Sleep is a vital part of being restorative and recharging for the body and is crucial for wellbeing. It is the greatest enhancer of physical and cognitive health and performance, and we need sleep to be productive, energetic and healthy when we are awake.
In these uncertain times many people are struggling with getting the recommended seven to nine hours each night. This then plays havoc with daily routines and our ability to tackle the day ahead. Not getting enough sleep also compromises our immune system, which we all need to be on top form right now.

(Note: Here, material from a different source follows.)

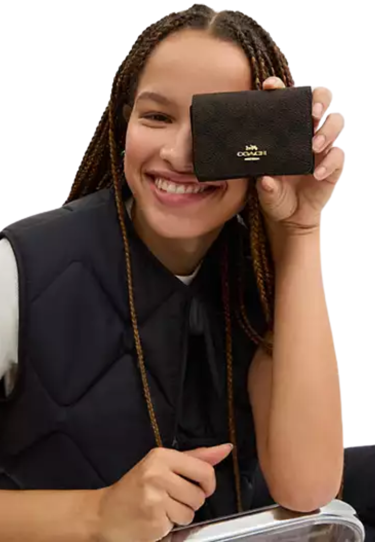 ( AS IS ) Coach Card Holder Wallet In Blocked Signature Canvas In Walnut Tan CZ446

There are many theories around the body’s circadian rhythm, and the different sleep modes including the differences around non-rapid eye movement (NREM) and rapid eye movement (REM). Sleep modes include drowsiness, light sleep, moderate to deep sleep, deepest sleep, and dreaming. All of these lead to having a self-help checklist of what to do if you find it difficult to get to sleep, or indeed to try to get back to sleep at that dreaded 3am wake up. These are some reminders we wanted to share:
As well as the obvious health benefits, as well as being a great stress reliever, exercise also plays a key role in how well we sleep. Exercise can help us fall asleep faster and improve sleep – half an hour of exercise each day really does help.
A Good Soak
We found that a warm bath, for as little as 10 minutes can significantly improve overall sleep efficiency. In other words, a warm bath led to more time spent in actual sleep rather than turning or tossing and trying to fall asleep, compared to usual sleep without taking bath. Adding Magnesium flakes or Epsom Salts to your bath will also really help relax you ahead of a good night’s sleep.
Read – but make sure it is an Actual Book
Swap the blue lights of IPads and phones and go tech and news free. Reading is a great way to prepare for sleep—as long as you aren’t diving into a gripping page-turner that's overly stimulating.

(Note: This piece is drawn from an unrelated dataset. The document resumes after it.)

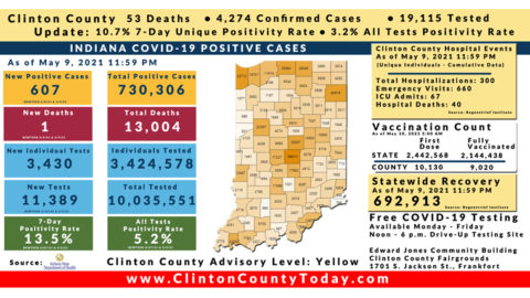 INDIANAPOLIS, Ind. – The Indiana State Department of Health (ISDH) announced today, Sunday, May 16, 2021, Clinton County had 1 new resident who tested positive for COVID-19, 4,284 residents in total have tested positive for COVID-19. There are 53 deaths related to COVID-19 in Clinton County. At least 63,721 total tests have been administered to… Keep Reading

Drink More Water and No Caffeine after 2pm
Going to bed even mildly dehydrated can disrupt your sleep. Dehydration causes your mouth and nasal passages to become dry, setting you up for sleep-disruptive snoring and a parched throat and hoarseness in the morning.
Best to avoid any caffeine after 2pm if you want to sleep through – a herbal tea before bed can really help as a soothing night time ritual.

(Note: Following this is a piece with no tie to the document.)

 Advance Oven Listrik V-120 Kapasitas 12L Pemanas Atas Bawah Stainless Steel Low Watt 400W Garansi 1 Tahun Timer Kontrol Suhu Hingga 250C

For your best night's sleep, strive to eat a balanced diet that emphasizes fresh fruits, vegetables, whole grains, and low-fat proteins that are rich in B vitamins, like fish, poultry, eggs, and dairy. B vitamins may help to regulate melatonin, a hormone that regulates your sleep cycles.
And Breathe ……
Yoga devotees swear by the power of breath for its ability to calm the mind and body. You can make it as simple as slowing your breath, inhaling deeply through your nose and exhaling completely through your mouth. Consciously relax your facial muscles, let them drop and focus on nothing for ten seconds…
We hope one of these tips might help you to have a better night’s sleep if you are struggling.